• [What you need to do]
Write out every line of the material as it stands, apart from the pictures.

• [Dataset excerpt]
-- Opening Marker --

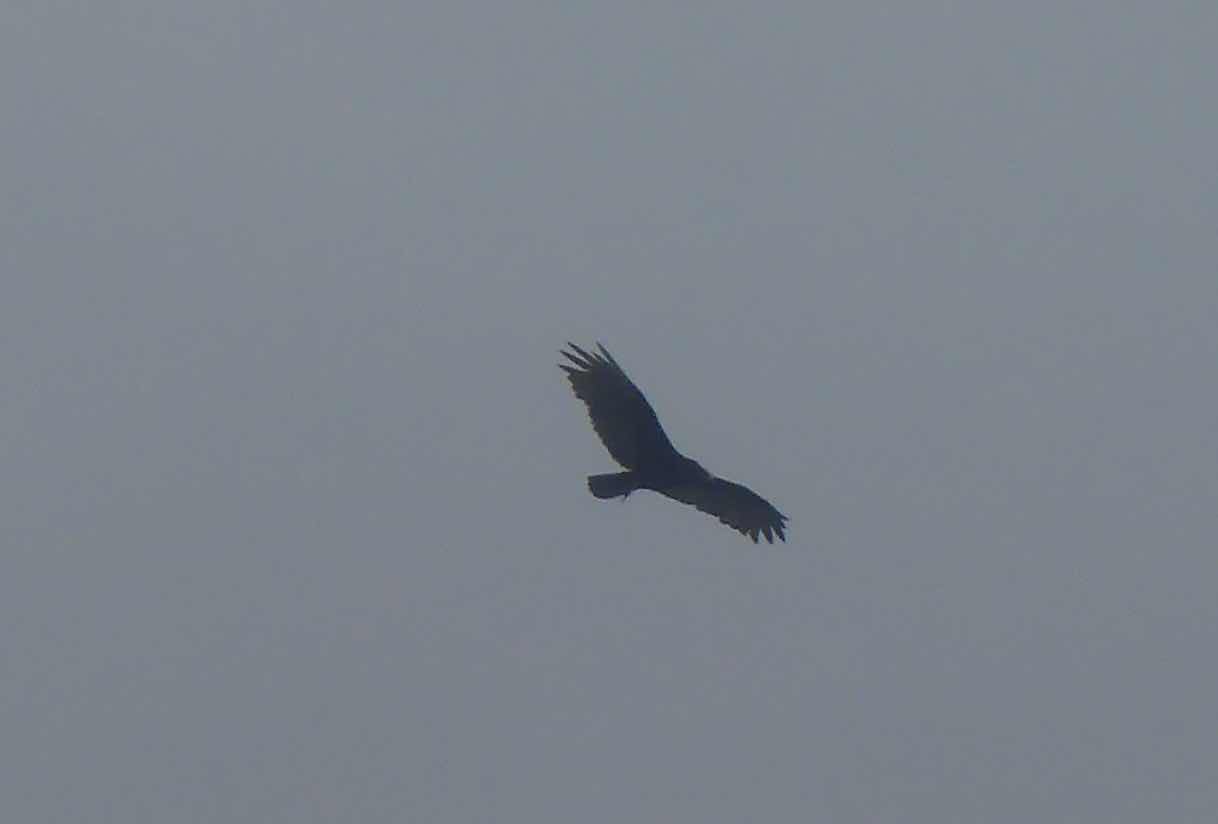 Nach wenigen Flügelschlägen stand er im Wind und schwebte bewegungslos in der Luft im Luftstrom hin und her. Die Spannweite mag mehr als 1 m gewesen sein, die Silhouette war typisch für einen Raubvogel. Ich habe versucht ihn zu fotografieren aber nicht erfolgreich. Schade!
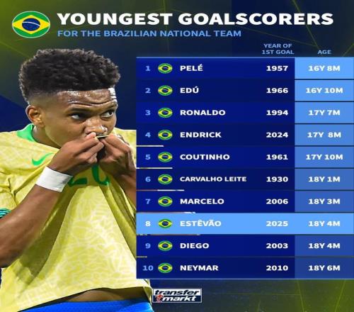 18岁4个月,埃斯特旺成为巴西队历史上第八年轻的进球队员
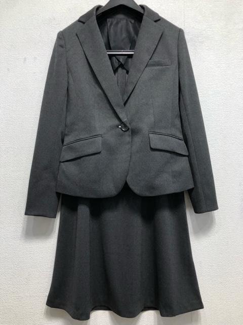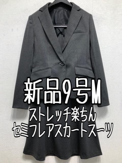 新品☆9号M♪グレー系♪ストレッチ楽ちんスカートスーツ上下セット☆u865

-- Closing Marker --

• [Finished exercise]
 Nach wenigen Flügelschlägen stand er im Wind und schwebte bewegungslos in der Luft im Luftstrom hin und her. Die Spannweite mag mehr als 1 m gewesen sein, die Silhouette war typisch für einen Raubvogel. Ich habe versucht ihn zu fotografieren aber nicht erfolgreich. Schade!
 18岁4个月,埃斯特旺成为巴西队历史上第八年轻的进球队员
 新品☆9号M♪グレー系♪ストレッチ楽ちんスカートスーツ上下セット☆u865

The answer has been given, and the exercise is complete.